** THE INPUT follows **

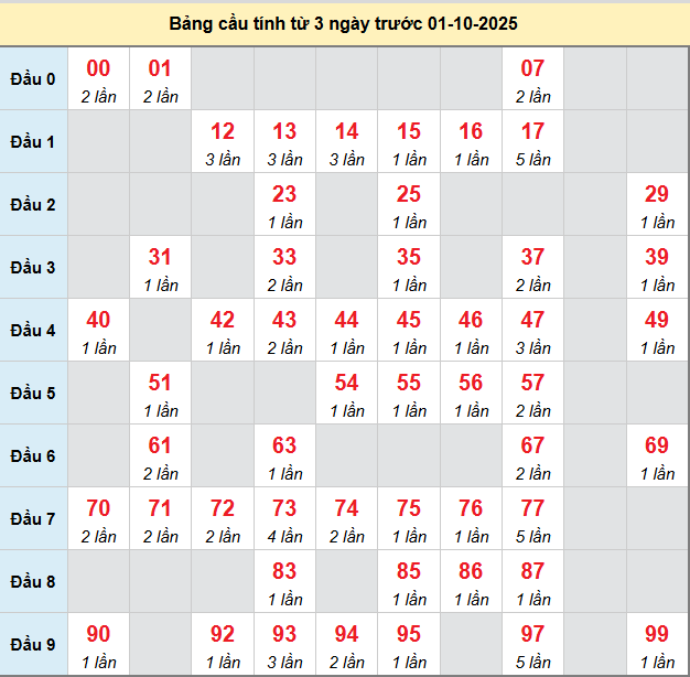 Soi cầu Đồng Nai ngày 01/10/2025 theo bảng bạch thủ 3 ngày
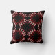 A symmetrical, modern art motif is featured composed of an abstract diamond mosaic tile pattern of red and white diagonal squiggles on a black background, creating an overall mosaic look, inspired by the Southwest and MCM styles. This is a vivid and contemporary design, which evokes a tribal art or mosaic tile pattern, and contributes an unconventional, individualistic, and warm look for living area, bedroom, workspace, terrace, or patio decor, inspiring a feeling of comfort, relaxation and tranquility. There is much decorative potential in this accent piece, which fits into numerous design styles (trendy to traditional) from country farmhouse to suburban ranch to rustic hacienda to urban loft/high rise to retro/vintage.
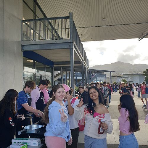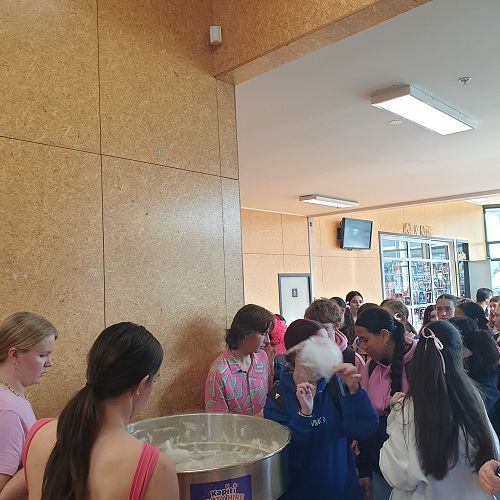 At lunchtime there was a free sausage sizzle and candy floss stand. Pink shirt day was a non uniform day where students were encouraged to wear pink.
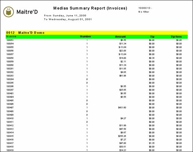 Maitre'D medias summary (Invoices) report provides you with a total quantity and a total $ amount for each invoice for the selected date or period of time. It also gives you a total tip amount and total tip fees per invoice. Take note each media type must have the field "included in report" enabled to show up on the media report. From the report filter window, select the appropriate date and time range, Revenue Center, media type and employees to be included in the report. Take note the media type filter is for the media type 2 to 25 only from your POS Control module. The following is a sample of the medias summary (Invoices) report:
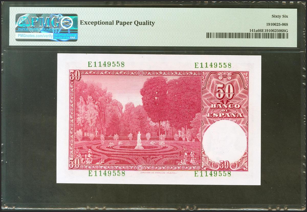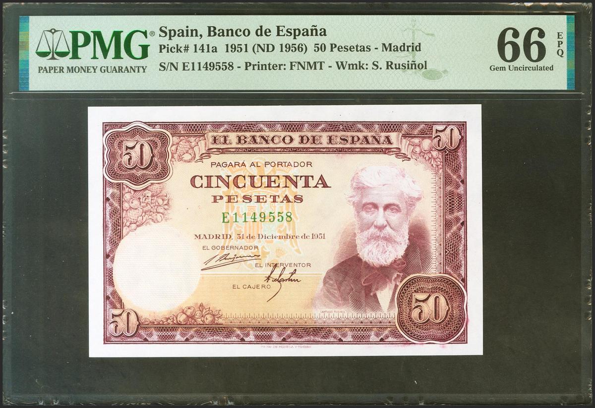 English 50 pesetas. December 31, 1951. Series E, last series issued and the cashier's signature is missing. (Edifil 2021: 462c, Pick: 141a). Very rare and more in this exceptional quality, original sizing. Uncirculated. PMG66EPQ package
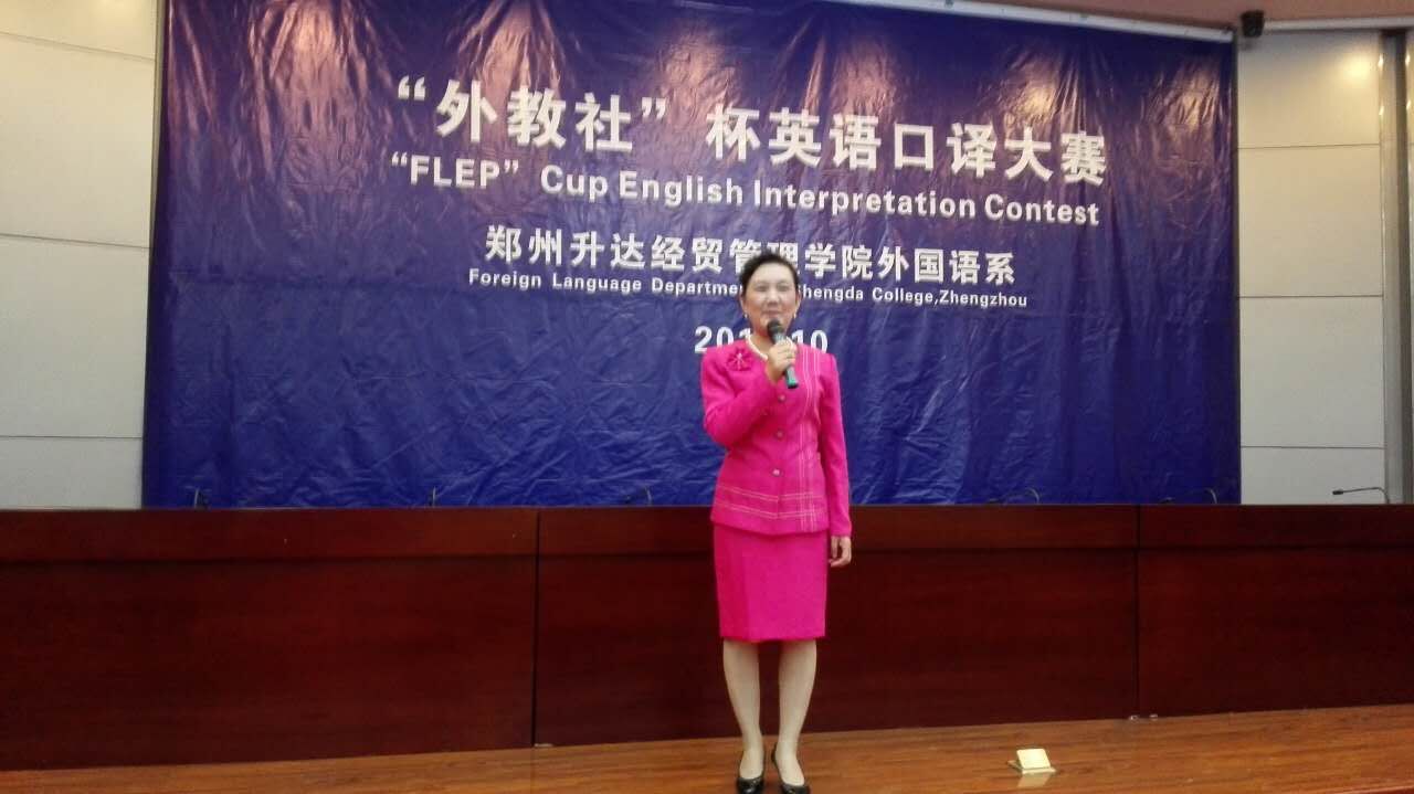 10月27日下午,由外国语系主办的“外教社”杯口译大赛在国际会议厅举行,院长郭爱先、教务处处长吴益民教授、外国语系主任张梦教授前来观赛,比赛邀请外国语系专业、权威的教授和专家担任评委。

** End of THE INPUT **

■ HOW TO COMPLETE THIS TASK: Reprint the whole listing above exactly, taking out the pictures.

■ SOLUTION TO THE PROBLEM:
 Soi cầu Đồng Nai ngày 01/10/2025 theo bảng bạch thủ 3 ngày
 A symmetrical, modern art motif is featured composed of an abstract diamond mosaic tile pattern of red and white diagonal squiggles on a black background, creating an overall mosaic look, inspired by the Southwest and MCM styles. This is a vivid and contemporary design, which evokes a tribal art or mosaic tile pattern, and contributes an unconventional, individualistic, and warm look for living area, bedroom, workspace, terrace, or patio decor, inspiring a feeling of comfort, relaxation and tranquility. There is much decorative potential in this accent piece, which fits into numerous design styles (trendy to traditional) from country farmhouse to suburban ranch to rustic hacienda to urban loft/high rise to retro/vintage.
 At lunchtime there was a free sausage sizzle and candy floss stand. Pink shirt day was a non uniform day where students were encouraged to wear pink.
 Maitre'D medias summary (Invoices) report provides you with a total quantity and a total $ amount for each invoice for the selected date or period of time. It also gives you a total tip amount and total tip fees per invoice. Take note each media type must have the field "included in report" enabled to show up on the media report. From the report filter window, select the appropriate date and time range, Revenue Center, media type and employees to be included in the report. Take note the media type filter is for the media type 2 to 25 only from your POS Control module. The following is a sample of the medias summary (Invoices) report:
 English 50 pesetas. December 31, 1951. Series E, last series issued and the cashier's signature is missing. (Edifil 2021: 462c, Pick: 141a). Very rare and more in this exceptional quality, original sizing. Uncirculated. PMG66EPQ package
 10月27日下午,由外国语系主办的“外教社”杯口译大赛在国际会议厅举行,院长郭爱先、教务处处长吴益民教授、外国语系主任张梦教授前来观赛,比赛邀请外国语系专业、权威的教授和专家担任评委。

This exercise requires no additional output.